Task instructions:
Below are entries. Give back exactly the lines from the one containing "Ατζέντα ΕκδηλώσεωνΕιδήσειςΠαιδί Bingo" through the one containing "Overload was designed", inclusive, without the pictures.
Material for this exercise: Begin
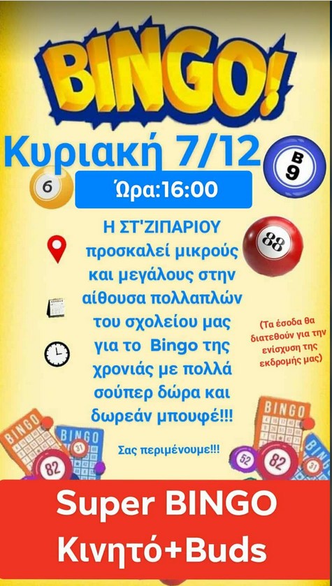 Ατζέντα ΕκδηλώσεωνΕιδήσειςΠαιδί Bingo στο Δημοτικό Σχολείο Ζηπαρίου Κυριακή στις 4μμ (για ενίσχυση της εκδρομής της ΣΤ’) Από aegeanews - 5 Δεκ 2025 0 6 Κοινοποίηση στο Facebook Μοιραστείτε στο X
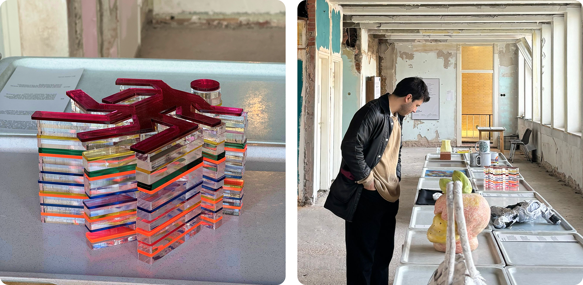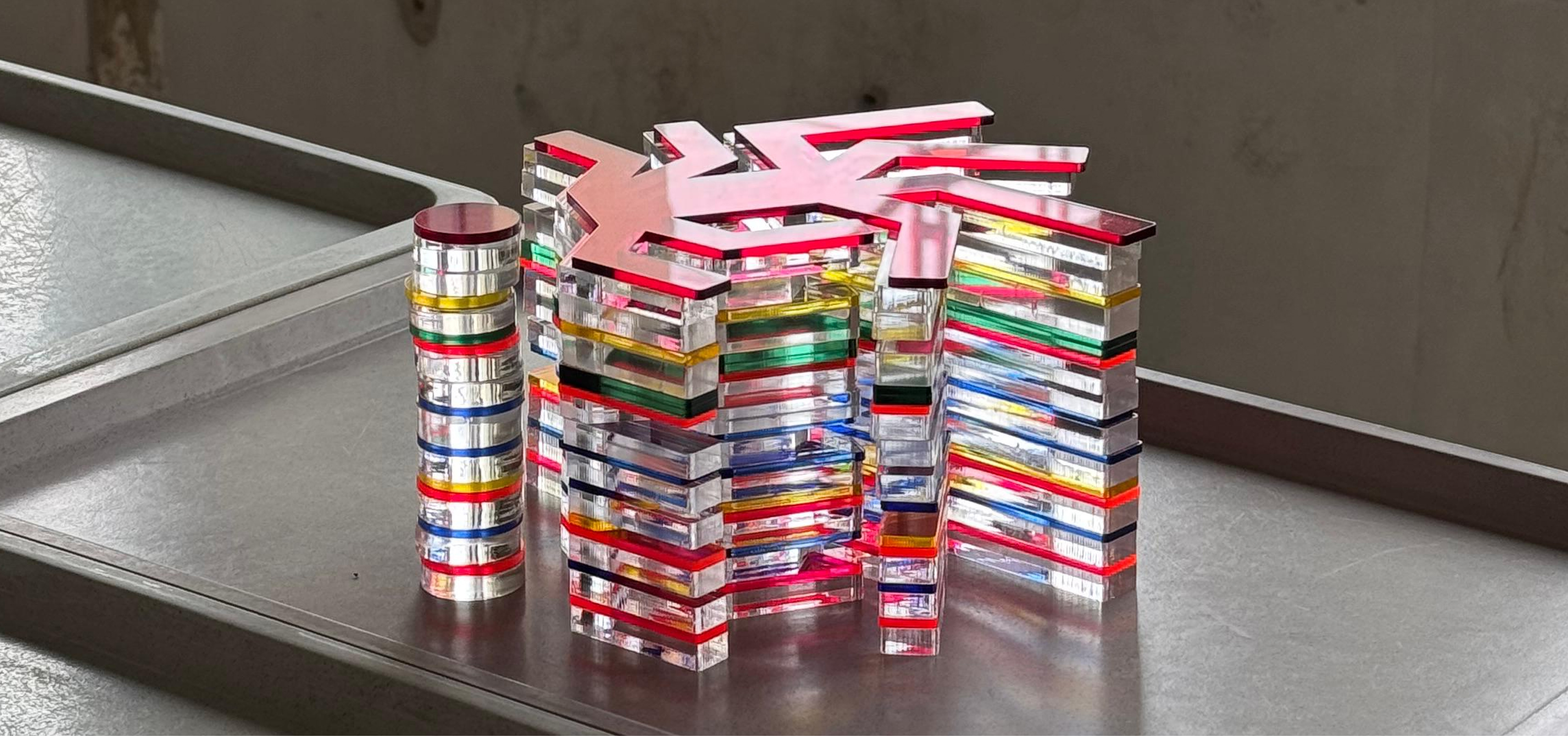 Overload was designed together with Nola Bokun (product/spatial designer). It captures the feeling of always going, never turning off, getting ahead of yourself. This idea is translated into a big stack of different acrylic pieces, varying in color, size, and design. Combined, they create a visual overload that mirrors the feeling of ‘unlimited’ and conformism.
Material for this exercise: End
Material for this exercise: Begin
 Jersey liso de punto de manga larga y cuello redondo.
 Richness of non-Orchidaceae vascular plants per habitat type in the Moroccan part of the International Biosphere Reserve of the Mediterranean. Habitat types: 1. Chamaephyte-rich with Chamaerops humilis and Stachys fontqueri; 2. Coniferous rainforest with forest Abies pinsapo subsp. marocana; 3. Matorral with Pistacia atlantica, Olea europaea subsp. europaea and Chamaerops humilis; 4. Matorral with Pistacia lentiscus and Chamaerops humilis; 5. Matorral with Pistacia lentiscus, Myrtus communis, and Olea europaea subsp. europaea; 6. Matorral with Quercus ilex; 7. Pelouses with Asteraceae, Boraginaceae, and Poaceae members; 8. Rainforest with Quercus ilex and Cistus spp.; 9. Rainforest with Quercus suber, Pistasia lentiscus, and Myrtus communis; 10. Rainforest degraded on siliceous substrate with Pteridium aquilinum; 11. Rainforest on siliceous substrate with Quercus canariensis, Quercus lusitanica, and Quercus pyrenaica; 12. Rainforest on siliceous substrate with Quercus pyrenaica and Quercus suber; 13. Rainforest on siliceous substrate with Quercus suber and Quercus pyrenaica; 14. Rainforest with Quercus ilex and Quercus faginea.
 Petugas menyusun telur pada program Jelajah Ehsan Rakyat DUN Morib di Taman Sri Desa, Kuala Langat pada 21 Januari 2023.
Material for this exercise: End
Exercise output:
 Ατζέντα ΕκδηλώσεωνΕιδήσειςΠαιδί Bingo στο Δημοτικό Σχολείο Ζηπαρίου Κυριακή στις 4μμ (για ενίσχυση της εκδρομής της ΣΤ’) Από aegeanews - 5 Δεκ 2025 0 6 Κοινοποίηση στο Facebook Μοιραστείτε στο X
 Overload was designed together with Nola Bokun (product/spatial designer). It captures the feeling of always going, never turning off, getting ahead of yourself. This idea is translated into a big stack of different acrylic pieces, varying in color, size, and design. Combined, they create a visual overload that mirrors the feeling of ‘unlimited’ and conformism.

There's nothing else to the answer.